- What is required -
Reproduce all of the data exactly. Images are not to appear in the reply.

--- Task data ---

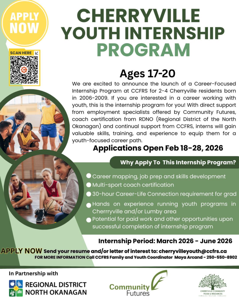 The above programs are managed and implemented by our Youth and Family Coordinator, Maya Arcand. Maya works directly with families, community organizations, and local stakeholders to bridge services and supports into Cherryville area to create opportunities for local kids. There are a number of ways to stay up-to-date on youth activities happening in the Cherryville area, including registration details. Follow our Youth and Family Facebook page at Cherryville Youth and Family Resources, subscribe to our monthly newsletter, drop in to the Resource Center anytime between 8:00-3:00 Monday-Thursday or contact Maya Arcand directly (Ph: 250-550-8902 Email: cherryvilleyouth@ccfrs.ca).
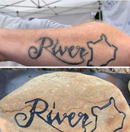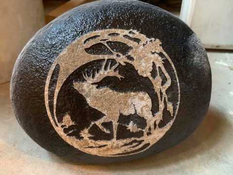 In fact, he spent his 25th anniversary with his wife, Jennifer, picking up stones in several places. But they wanted to write on the stones with pictures of how and where they found them –– so Mark started experimenting on engraving stones.
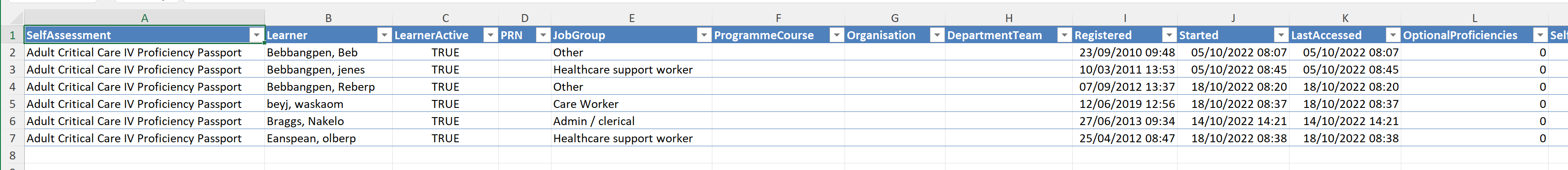 Removes DLSRole column and excludes learners with admin roles from the Self Assessment reports
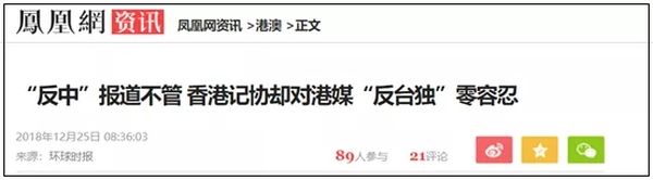 比如去年12月25日,我们《环球时报》就报道过“香港记者协会”竟公然批评香港一家媒体表明自己“反对台独”立场的做法,称这是“自我审查”。
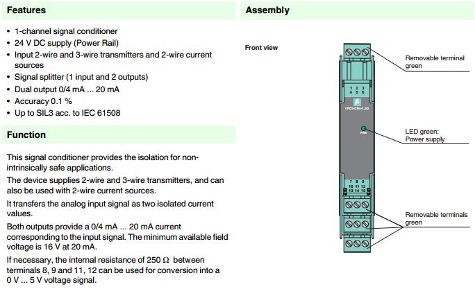 KFD2-CR4-1.2O,模擬量輸入信號(hào)調(diào)節(jié)器
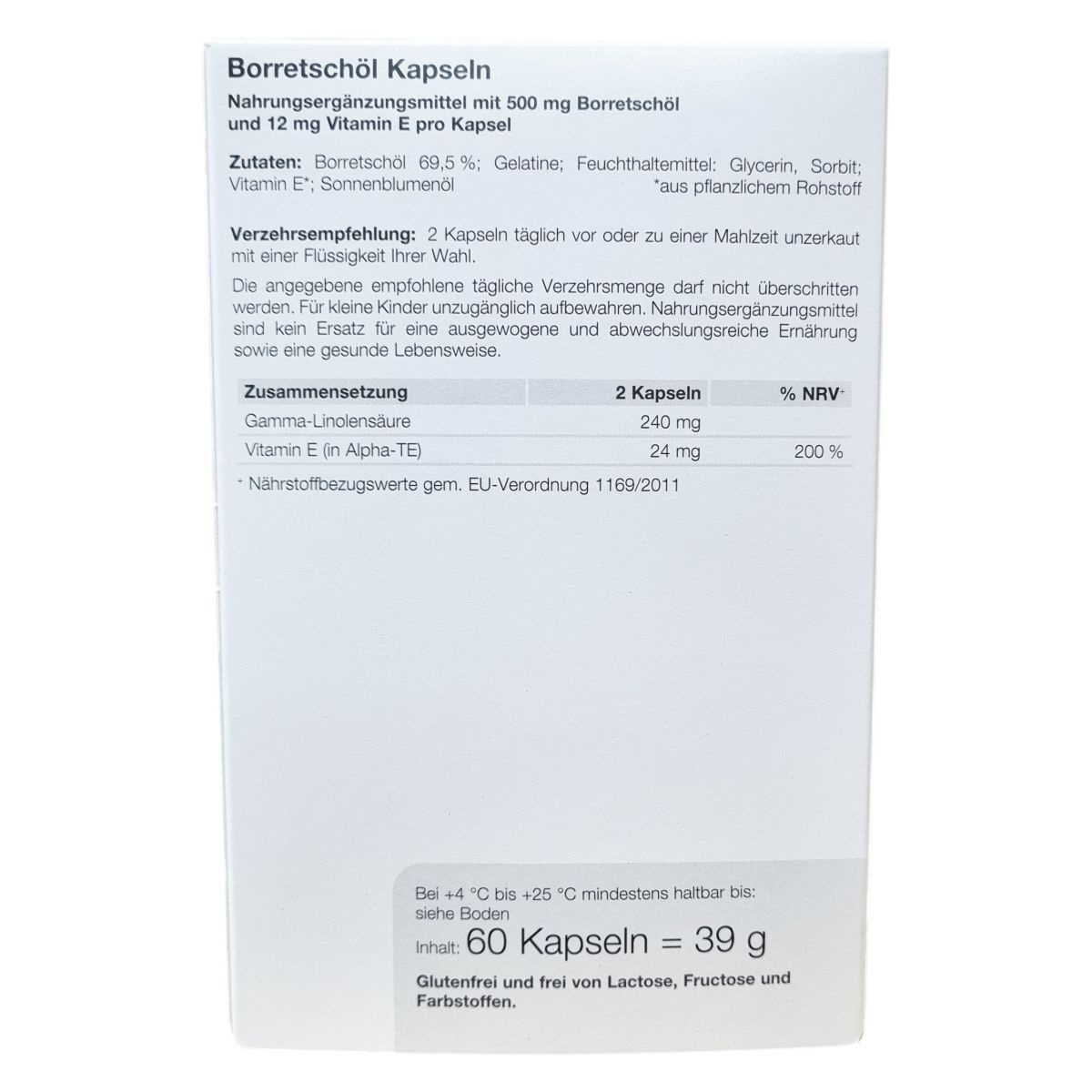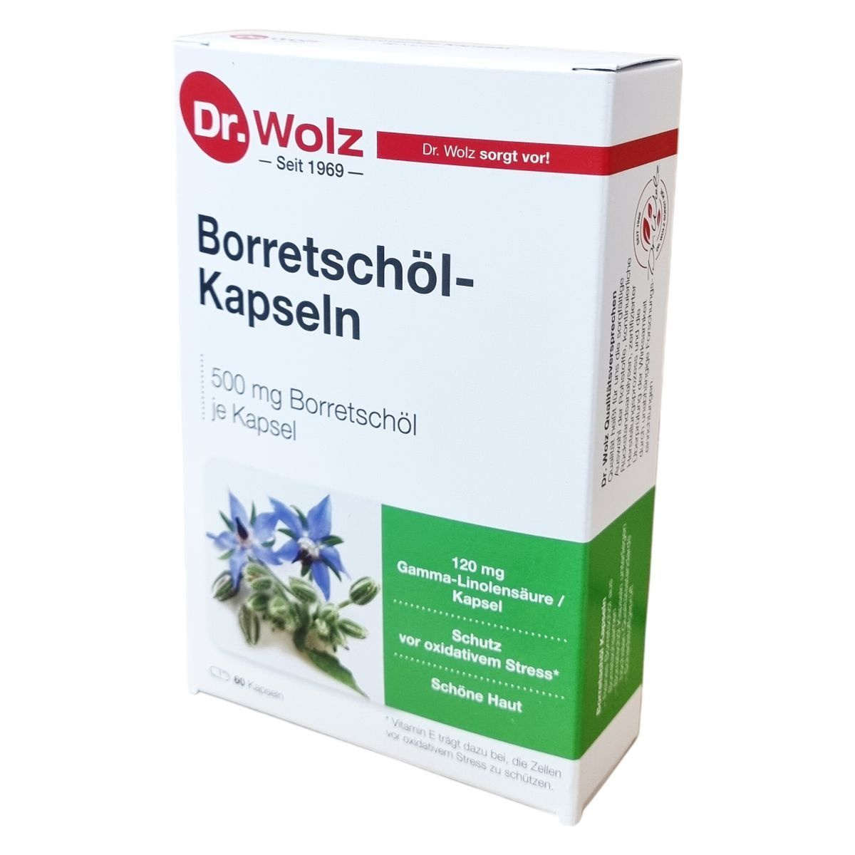 A Dr. Wolz Borretschöl-Kapseln tiszta borrágóolajat tartalmaznak, amely a borrákszemekből készül. Egy kapszula 500 mg borrágóolajat, ebből 120 mg gamma-linolénsavat és 12 mg E-vitamint tartalmaz, mely utóbbi hozzájárulhat a sejtek oxidatív stresszel szembeni védelméhez. A kapszulák glutén-, laktóz-, fruktóz- és színezékmentesek. A termék minőségét a gondos alapanyagválasztás, rendszeres szennyezőanyag-elemzések, tanúsított gyártási folyamat és független kutatóintézetek által végzett hatásvizsgálatok biztosítják. A napi ajánlott fogyasztás 2 kapszula, amelyet étkezéshez javasolt bevenni, egy pohár vízzel. Az étrend-kiegészítő nem helyettesíti a kiegyensúlyozott étrendet és az egészséges életmódot. A termék OETTI engedélyszámmal rendelkezik, továbbá a tárolás +4 °C és +25 °C között javasolt.
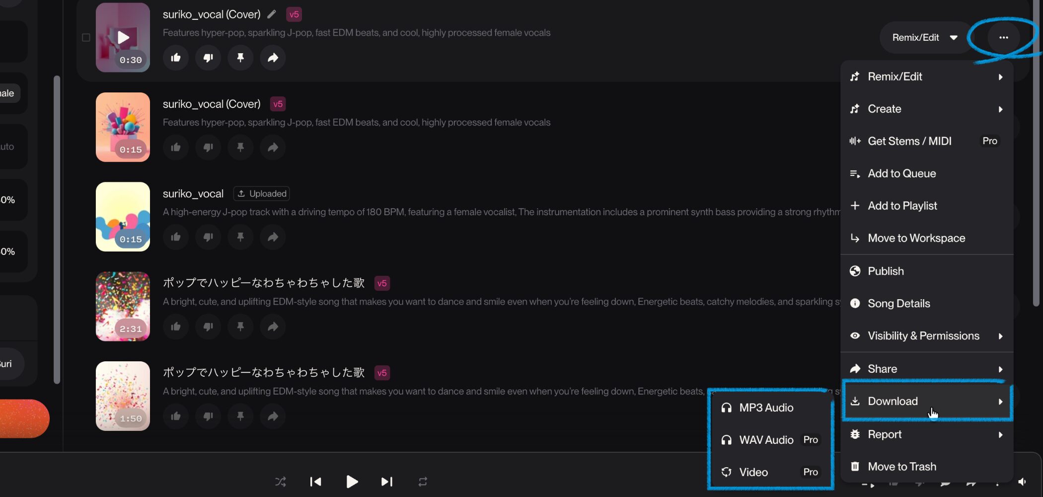 曲が気に入ったら、その曲の「…」メニュー内の「Download」から、落とすことができるよ。
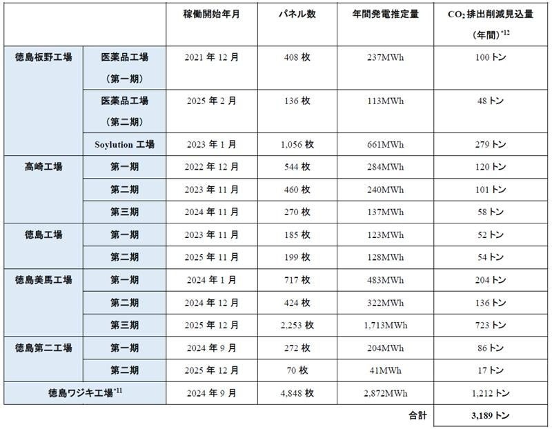 各設備は2024年9月から2025年12月までの期間にそれぞれ稼働を開始し、これにより太陽光発電設備によるCO2排出削減量は、国内6工場合計で年間約3,189トンの見込みとしている。
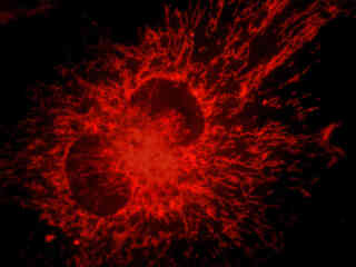 Fluorescence emission intensity from a culture of normal African green monkey kidney epithelial cells (CV-1 line) stained with MitoTracker Red CMXRos, which targets the intracellular mitochondrial network, is demonstrated in Figure 2(c). The visible light absorption maximum of MitoTracker Red CMXRos is 579 nanometers and the emission maximum occurs at 599 nanometers. In addition, the specimen was labeled with Alexa Fluor 488 conjugated to phalloidin (binding to F-actin; green emission) and DAPI (staining DNA in the nucleus; blue emission). Note the bright fluorescence intensity exhibited by the tubular mitochondrial network, but the absence of signal from the blue and green fluorophores.
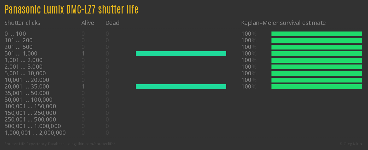 Direct link to this page: Panasonic Lumix DMC-LZ7Average number of actuations after which shutter is still alive: 11,778.5
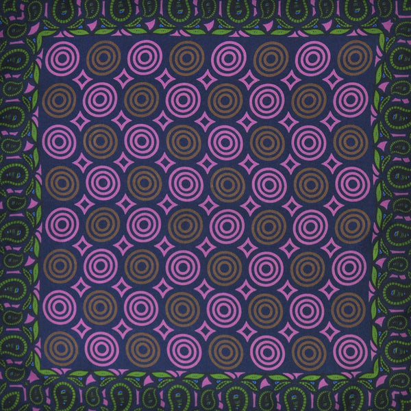 Targets with Teardop Border English Silk Pocket Square in Pink & Brown & Green
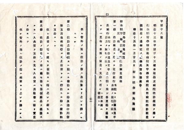 • 解説 N25101150○明治布告布達○栃木県医学校附属病院及宇都宮病院足利病院 往診旅費規則5ヵ条制定 近傍旅行並旅行 管外の取扱○明治15年 栃木県布達○和本古書古文書
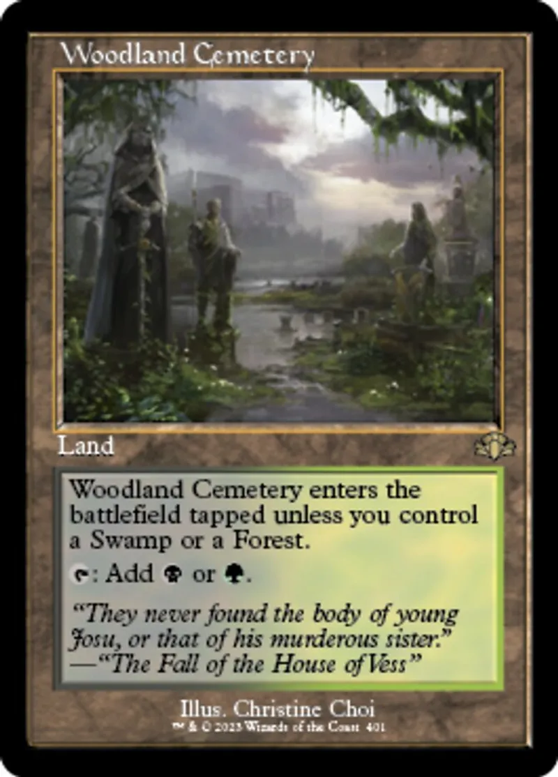 Woodland Cemetery (Retro Frame) is a rare in the set Dominaria Remastered.
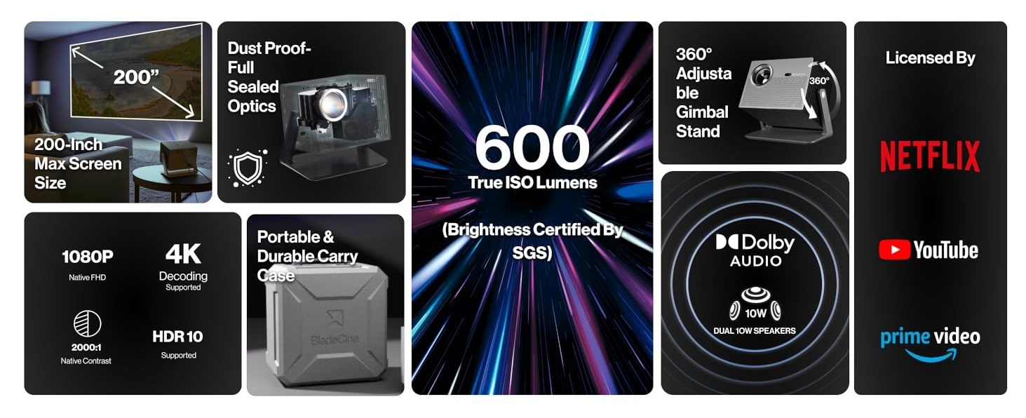 Son système de refroidissement avancé garantit une qualité d'image constante même lors d'une utilisation prolongée. Avec le WiFi intégré en 2., 4G/5G et le Bluetooth 5., 0, il se connecte facilement à votre téléphone, iPad et ordinateur. Expérience Audio 3D Surround - Compatible Dolby Atmos : Le projecteur Cube 600 est équipé de deux haut-parleurs stéréo de 10W et d'un subwoofer supplémentaire, offrant un son riche et puissant pour une expérience cinématographique immersive. Lors de l'événement, les projecteurs BladeCine ont attiré une attention considérable et ont été largement salués par les participants. Cube 600, projecteur portable 1080p avec WiFi et Bluetooth Emportez le Grand Écran Partout avec Vous : Le Cube 600 projette une image allant jusqu'à 200 pouces, vous permettant de profiter de tout votre contenu et de vos applications préférés, y compris Netflix, YouTube et Prime Video, où que vous soyez. BladeCine a brillé au salon IFA 2024 à Berlin, l'un des principaux salons mondiaux de l'électronique grand public et des appareils électroménagers. XGII oGo 2 Pro 1080P Videoprojecteur Portable, avec Support ulti... Emportez facilement votre projecteur partout, que ce soit pour des sorties en camping ou des réunions professionnelles, avec une conception assurant une protection optimale. Nos projecteurs sont conçus pour être intelligents, faciles à utiliser et offrir un excellent rapport qualité-prix. Associé à des fonctionnalités telles que la correction automatique du trapèze, la mise au point automatique, l'évitement avancé des obstacles, l'alignement intelligent de l'écran et un zoom numérique personnalisable, il offre une image parfaitement alignée et nette sur toutes les surfaces. Correction Trapèze Automatique Focus Auto Projecteur Cube 600, 1080p Avec WiFi Et Bluetooth, True 600 ISO Lumens, Support De Cardan à 360°, Clé De Voûte Automatique, Inférieur à 26 DB, Moteur Optique Scellé, écran Max Projecteur Portable Voici celui BladeCiné Cube 600 into play - un projecteur compact spécialement adapté aux besoins des débutants et des utilisateurs occasionnels Projecteur Extérieur BladeCine Cube 600 : Livré avec un étui portable en EPP.

---

- Output for this exercise -
 The above programs are managed and implemented by our Youth and Family Coordinator, Maya Arcand. Maya works directly with families, community organizations, and local stakeholders to bridge services and supports into Cherryville area to create opportunities for local kids. There are a number of ways to stay up-to-date on youth activities happening in the Cherryville area, including registration details. Follow our Youth and Family Facebook page at Cherryville Youth and Family Resources, subscribe to our monthly newsletter, drop in to the Resource Center anytime between 8:00-3:00 Monday-Thursday or contact Maya Arcand directly (Ph: 250-550-8902 Email: cherryvilleyouth@ccfrs.ca).
 In fact, he spent his 25th anniversary with his wife, Jennifer, picking up stones in several places. But they wanted to write on the stones with pictures of how and where they found them –– so Mark started experimenting on engraving stones.
 Removes DLSRole column and excludes learners with admin roles from the Self Assessment reports
 比如去年12月25日,我们《环球时报》就报道过“香港记者协会”竟公然批评香港一家媒体表明自己“反对台独”立场的做法,称这是“自我审查”。
 KFD2-CR4-1.2O,模擬量輸入信號(hào)調(diào)節(jié)器
 A Dr. Wolz Borretschöl-Kapseln tiszta borrágóolajat tartalmaznak, amely a borrákszemekből készül. Egy kapszula 500 mg borrágóolajat, ebből 120 mg gamma-linolénsavat és 12 mg E-vitamint tartalmaz, mely utóbbi hozzájárulhat a sejtek oxidatív stresszel szembeni védelméhez. A kapszulák glutén-, laktóz-, fruktóz- és színezékmentesek. A termék minőségét a gondos alapanyagválasztás, rendszeres szennyezőanyag-elemzések, tanúsított gyártási folyamat és független kutatóintézetek által végzett hatásvizsgálatok biztosítják. A napi ajánlott fogyasztás 2 kapszula, amelyet étkezéshez javasolt bevenni, egy pohár vízzel. Az étrend-kiegészítő nem helyettesíti a kiegyensúlyozott étrendet és az egészséges életmódot. A termék OETTI engedélyszámmal rendelkezik, továbbá a tárolás +4 °C és +25 °C között javasolt.
 曲が気に入ったら、その曲の「…」メニュー内の「Download」から、落とすことができるよ。
 各設備は2024年9月から2025年12月までの期間にそれぞれ稼働を開始し、これにより太陽光発電設備によるCO2排出削減量は、国内6工場合計で年間約3,189トンの見込みとしている。
 Fluorescence emission intensity from a culture of normal African green monkey kidney epithelial cells (CV-1 line) stained with MitoTracker Red CMXRos, which targets the intracellular mitochondrial network, is demonstrated in Figure 2(c). The visible light absorption maximum of MitoTracker Red CMXRos is 579 nanometers and the emission maximum occurs at 599 nanometers. In addition, the specimen was labeled with Alexa Fluor 488 conjugated to phalloidin (binding to F-actin; green emission) and DAPI (staining DNA in the nucleus; blue emission). Note the bright fluorescence intensity exhibited by the tubular mitochondrial network, but the absence of signal from the blue and green fluorophores.
 Direct link to this page: Panasonic Lumix DMC-LZ7Average number of actuations after which shutter is still alive: 11,778.5
 Targets with Teardop Border English Silk Pocket Square in Pink & Brown & Green
 • 解説 N25101150○明治布告布達○栃木県医学校附属病院及宇都宮病院足利病院 往診旅費規則5ヵ条制定 近傍旅行並旅行 管外の取扱○明治15年 栃木県布達○和本古書古文書
 Woodland Cemetery (Retro Frame) is a rare in the set Dominaria Remastered.
 Son système de refroidissement avancé garantit une qualité d'image constante même lors d'une utilisation prolongée. Avec le WiFi intégré en 2., 4G/5G et le Bluetooth 5., 0, il se connecte facilement à votre téléphone, iPad et ordinateur. Expérience Audio 3D Surround - Compatible Dolby Atmos : Le projecteur Cube 600 est équipé de deux haut-parleurs stéréo de 10W et d'un subwoofer supplémentaire, offrant un son riche et puissant pour une expérience cinématographique immersive. Lors de l'événement, les projecteurs BladeCine ont attiré une attention considérable et ont été largement salués par les participants. Cube 600, projecteur portable 1080p avec WiFi et Bluetooth Emportez le Grand Écran Partout avec Vous : Le Cube 600 projette une image allant jusqu'à 200 pouces, vous permettant de profiter de tout votre contenu et de vos applications préférés, y compris Netflix, YouTube et Prime Video, où que vous soyez. BladeCine a brillé au salon IFA 2024 à Berlin, l'un des principaux salons mondiaux de l'électronique grand public et des appareils électroménagers. XGII oGo 2 Pro 1080P Videoprojecteur Portable, avec Support ulti... Emportez facilement votre projecteur partout, que ce soit pour des sorties en camping ou des réunions professionnelles, avec une conception assurant une protection optimale. Nos projecteurs sont conçus pour être intelligents, faciles à utiliser et offrir un excellent rapport qualité-prix. Associé à des fonctionnalités telles que la correction automatique du trapèze, la mise au point automatique, l'évitement avancé des obstacles, l'alignement intelligent de l'écran et un zoom numérique personnalisable, il offre une image parfaitement alignée et nette sur toutes les surfaces. Correction Trapèze Automatique Focus Auto Projecteur Cube 600, 1080p Avec WiFi Et Bluetooth, True 600 ISO Lumens, Support De Cardan à 360°, Clé De Voûte Automatique, Inférieur à 26 DB, Moteur Optique Scellé, écran Max Projecteur Portable Voici celui BladeCiné Cube 600 into play - un projecteur compact spécialement adapté aux besoins des débutants et des utilisateurs occasionnels Projecteur Extérieur BladeCine Cube 600 : Livré avec un étui portable en EPP.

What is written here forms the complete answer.